I forwarded your question about code documentation to Lennart, and the
attached mail is his answer.

--- Begin Message ---
On Thu, 05.12.13 22:19, Tollef Fog Heen (tfheen@err.no) wrote:

> Hiya,
> I poked you on IRC about this, but I suspect it disappeared in the
> noise.  Any chance you could point Russ at any other resources that he
> should use?  You can read the entire bug log at
> http://bugs.debian.org/727708 ; Russ's message is
> http://bugs.debian.org/cgi-bin/bugreport.cgi?bug=727708#803 .
> (Feel free to respond to the bug at 727708@bugs.debian.org too, of
> course.)

Our general approach there is that comments shouldn't drown code. Hence:
comments for everything that cannot be obviously read from the sources,
but not comments for everything we ever write. For example, if you have
a function that is called let's say "unit_load()" then this is already
indicative enough of what the thing does (loads a unit), that we
explicitly do not put a comment there.

Note that our public APIs are documented in man pages, and those are not
placed in the code. You could probably make our statistics look better
in the eyes of the the-more-comments-the-better fraction if we'd not
build those man pages from docbook but rather from inline source code
comments. (I'd even be willing to do that, but I know of no tool that
would allow embedding docbook man XML in C files)
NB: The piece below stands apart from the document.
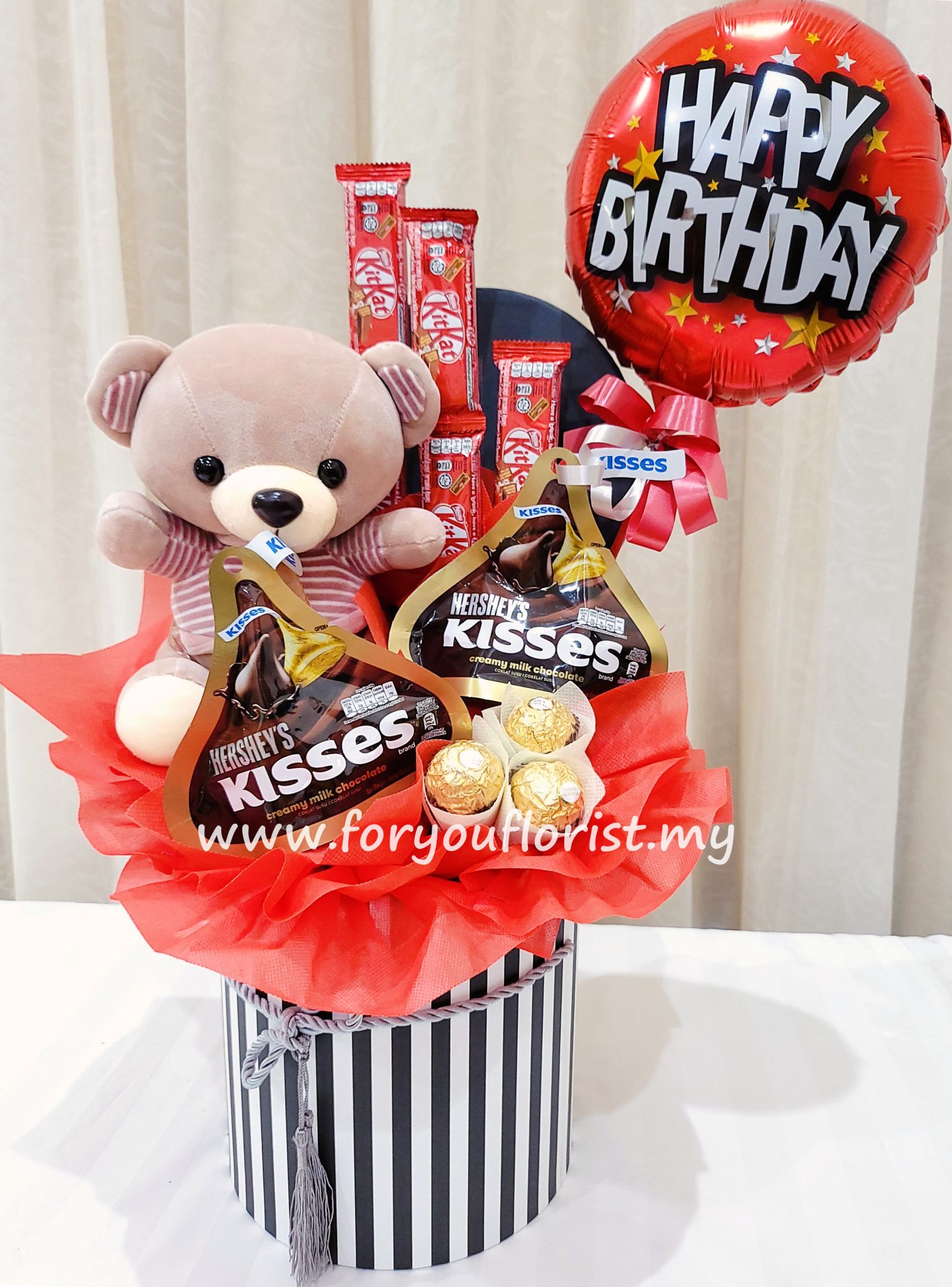 Chocolate variety box with Teddy bear and 10 inch birthday/love balloon. Box design subject to change due to availability.

Anyway, no doubt Upstart has more comments. And no doubt we probably
could add mor to our sources. But ultimately this doesn't affect our
contributor base too much as it turns out, since we have so many more
contributors to our code than Upstart got... ;-)

Also, I am pretty sure that Knuth' commenting style is rather extreme
(and didn't drown one of Debian's own projects, ifupdown so that nobody
wanted to hack on it anymore?) I am pretty sure Knuth commenting makes
sense for writing books and for inner core algorithms, but our code is
not like that. The identifiers we use should mostly be sufficient to
indicate things.

Ultimately it's a matter of taste I figure...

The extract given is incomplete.